When it makes sense to only allow community members to be able to post, life gets simpler, but in many cases you do not want to narrow the field. If I end up on some random blog and they need me to login? See-ya.

I have tried a lot of stock plugins for handling spam, and although a lot of good work has gone into the like of Spam Karma, WP-Hashcash, and the many others, I always have had problems.

I chose an image CAPTCHA on this blog a long time ago, and spammers now can do OCR and get right through it. I am moving to a new blog shortly, so will fix that issue at that time.

The problem with image CAPTCHA (other than the accessibility issues) is that the arms race means that already you either get beaten by smart spammers, or the image is so hard to read that HUMANS can’t read it.
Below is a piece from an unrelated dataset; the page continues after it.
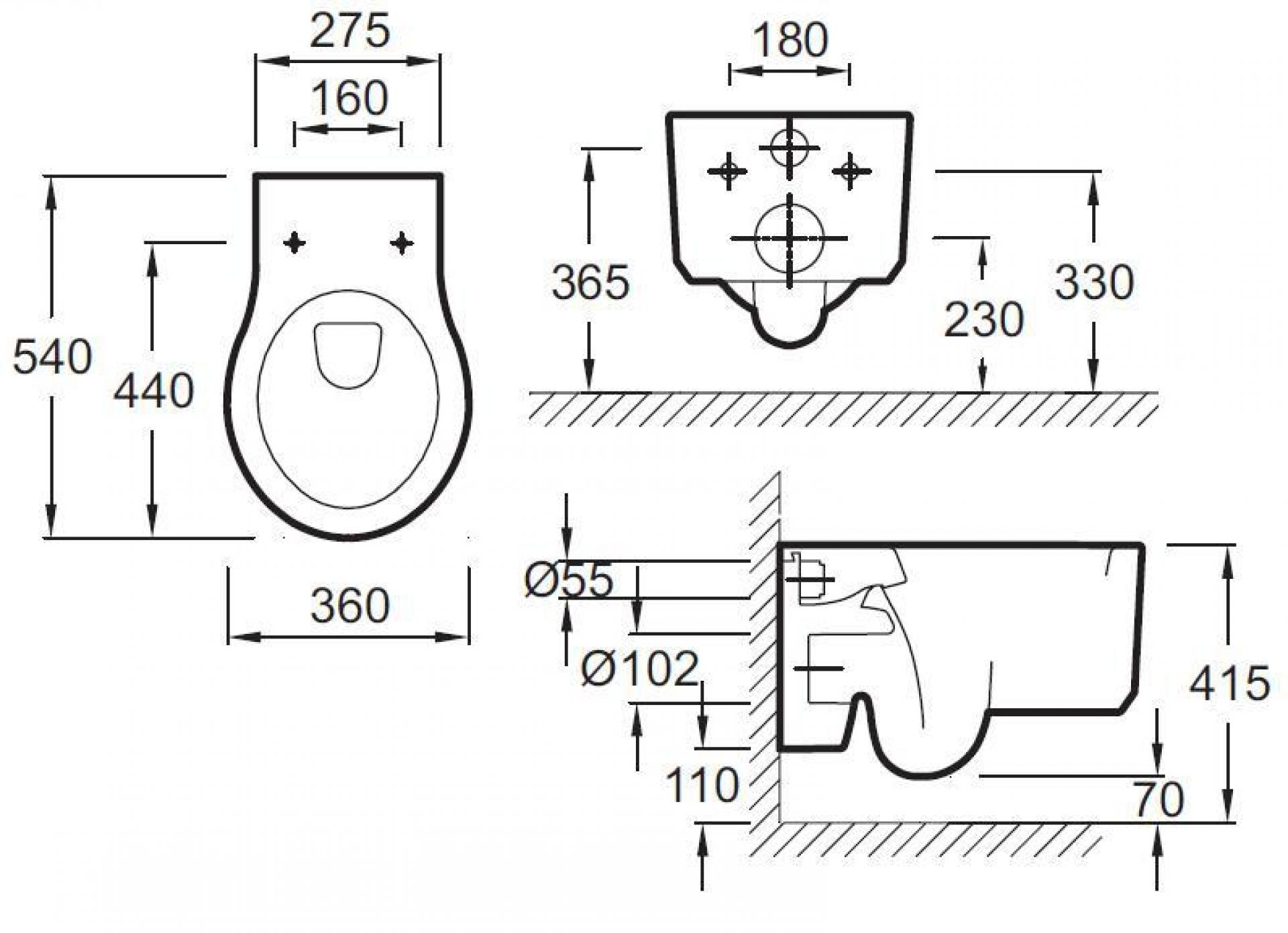 Подвесной унитаз (54 x 36 см).

I have personally been baffled a number of times as I type in what SURELY is the right mix of numbes and letters, but the system tells me that I am wrong.

I recently had an attack of spam at soundmoneytips.com (a great little site by the way) and it was the last straw.

The only solution that really made sense was to get out of the herd mentality, and go it alone.

That is why I choose a logic-CAPTCHA that asks a brain dead simple question that a human finds ‘duh’ but ideally is hard for a computer to grok.

The simple math based questions (4 + 14) are destined to be beaten by spammers as soon as there is enough of them and critical mass means that the spammers need to write the simple bot that can eval: 4 + 14.

The plugins that only work if JavaScript is understood also didn’t work for me.
The damn spam bots were smart enough and go through the system. I guess it isn’t that hard to embed a JavaScript interpreter, but sheesh!

Anyway, back to logic CAPTCHA. The beauty is that you get to write your own questions that you ask people to answer.

You can ever ask things that only your audience would know. For example, on Ajaxian.com we ask questions such as: “What does the X in Ajax stand for?” (even though Ajax isn’t an acronym).

When you get personal like this, you are out of any critical mass. Chances are unless you are a huge company, the spammers will not think it worthwhile to beat your little set of questions (which you can change too of course).

It is a pain for people to have to answer the question, but at least we keep the spam bots at bay.

For now.

7 Responses to “Logic based CAPTCHA to beat the blog spam bots”

  1. Jeff Schiller Says:

    I did that on my own blog very recently. It simply asks a breezy math question (like 4+3). Spambots doing OCR would either think the answer is “4+3″ or “4t3″. Either way, I win and they lose…

  2. toyota Says:

    The Regard! Long ago

  3. Breitling replica watches Says:

    I have seen techniques to prevent spam even nicer. There is one (I can’t remember where) that besides a captcha it also count how many letters you actually typed, how many copy/paste-s you did, if there are href’s and so on. Very complex and highly effective.

  4. Jonathan Says:

    Where can I get this? I have looked and I am not seeing it anywhere?

  5. ali Says:

    hi,

    i have written a script that produces a obscure mathematical equation to be solved by the user for captha. the equaton is obscured by. 1)having words rather than digits. 2) surrounding words by special characters 3) randomly changin these characters. examples.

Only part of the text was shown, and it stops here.